I’m back from holidays and money is tight

Dear Aunty B,

I am in retail and worked all through Christmas. But as usual money is tight and I am sick of suffering summer stress of checking my daily bank balance and the usual January/February scramble for funds. Any ideas?

Simon F, Sydney


Hi Simon,

You and everyone else! I think the entire business community would like to press the fast-forward button to mid-March.

There is a lot you can do, and if the office is now a little quiet, it is the time to do it. It might seem like you have irregular cash flow but I am sure you would have a distinct pattern in the chaos.

I assume you have a bookkeeper. (If you haven’t, get one immediately! They can come in for a few hours and for less than $200 a week, and you can spend that time selling and marketing.)

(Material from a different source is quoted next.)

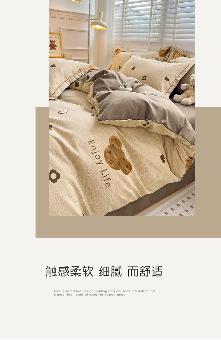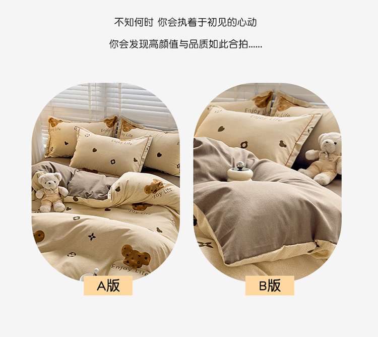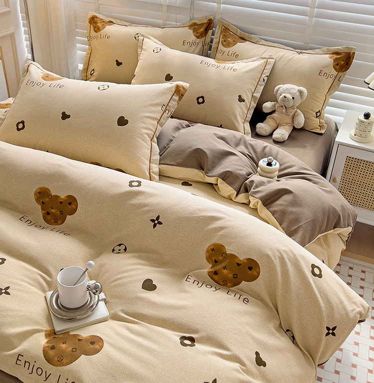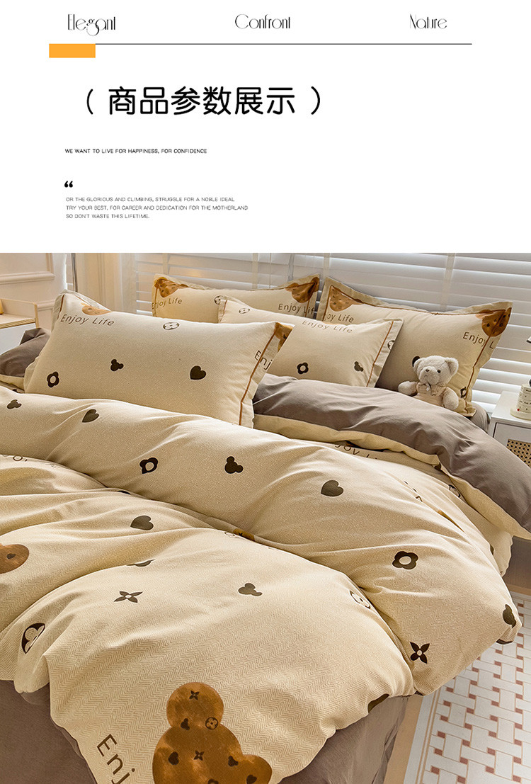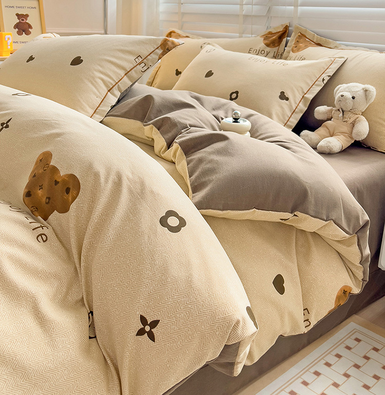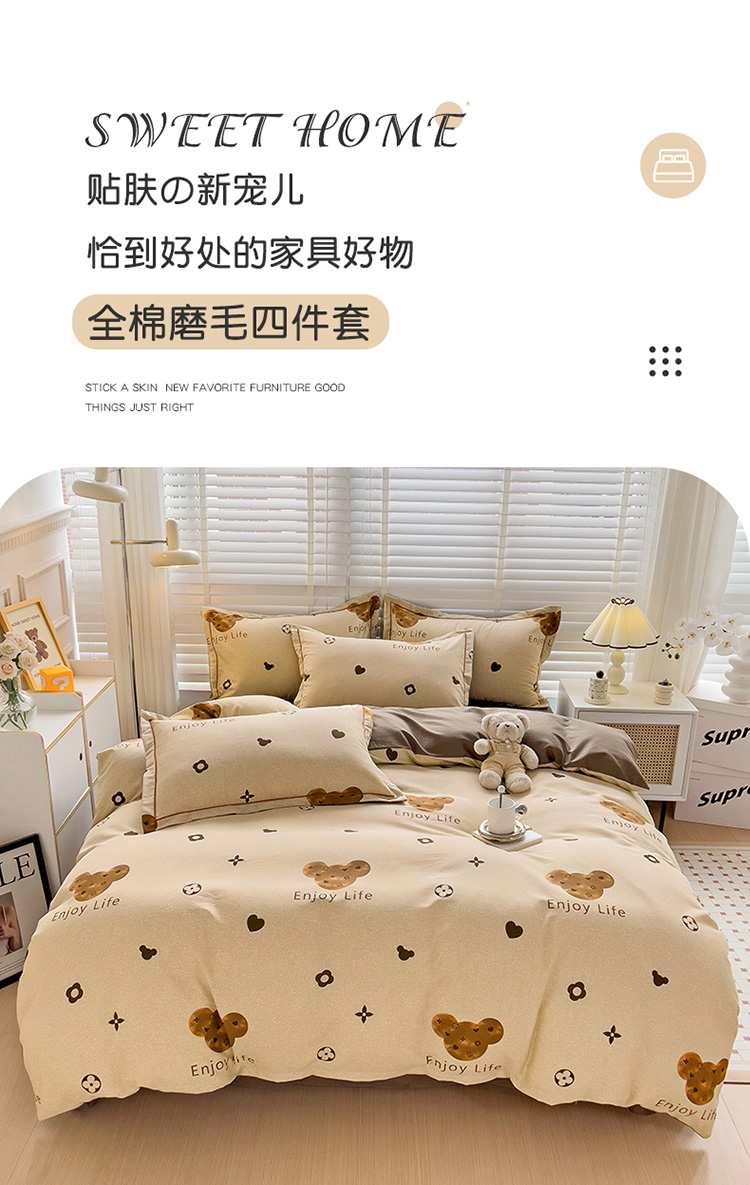 暖芯优选 2025新款小清新印花全棉磨毛四件套 登威熊

Sit down with your lovely bookkeeper (well, my bookkeeper is lovely) and do a detailed cash flow assessment. Make sure you highlight the times of the years when the financial screws tighten. Get your lovely bookkeeper to put it all into a spreadsheet.

Then plan ahead and work out when you could put aside some money so you won’t have to turn to credit cards or overdraft. Do the same with your stock levels; are you carrying too much stock at quieter times? Meet with your clients and check when their needs are. Look at organising inventory better with suppliers and through sales and discounts.

Organise a meeting between your bookkeeper and those who chase invoices. Chase invoices aggressively and offer discounts for early payment. Can you meet with suppliers and order smaller amounts of stock? Can you organise bulk deals for discounts? Use this time also to look at other systems. How is your CRM software working? It could be a great time to start a marketing campaign.

It’s also a good time to look around and get competitive quotes on a wide range of services. Talk with others in your industry and see what ideas they have.

And stay determined. It’s easy to get swept up again and forget the summer stress of the plummeting bank balance.

Good luck Simon,

Your Aunty B.



Cassandra Scott at Laurus writes: Thank you Aunty B! Finally somebody who recognises the value of a good bookkeeper in business!!


So many times you hear the response to “Help I have a cashflow problem” as “Go and talk to your accountant about it”, when in fact a much less expensive option, and one that can come and work with you both on and in your business, is the humble bookkeeper. Get somebody into your business who can keep your day-to-day bookwork up-to-date, provide you with reports on a regular basis on what your receivables and payables are, give you balance sheets and profit and loss statements, and help you understand the information that is contained in them.


Bookkeepers in many places are much maligned. Business owners don’t think that they value add and unfortunately, that myth is sadly often perpetuated by those in the accounting world.


On behalf of the bookkeepers of this world… thank you!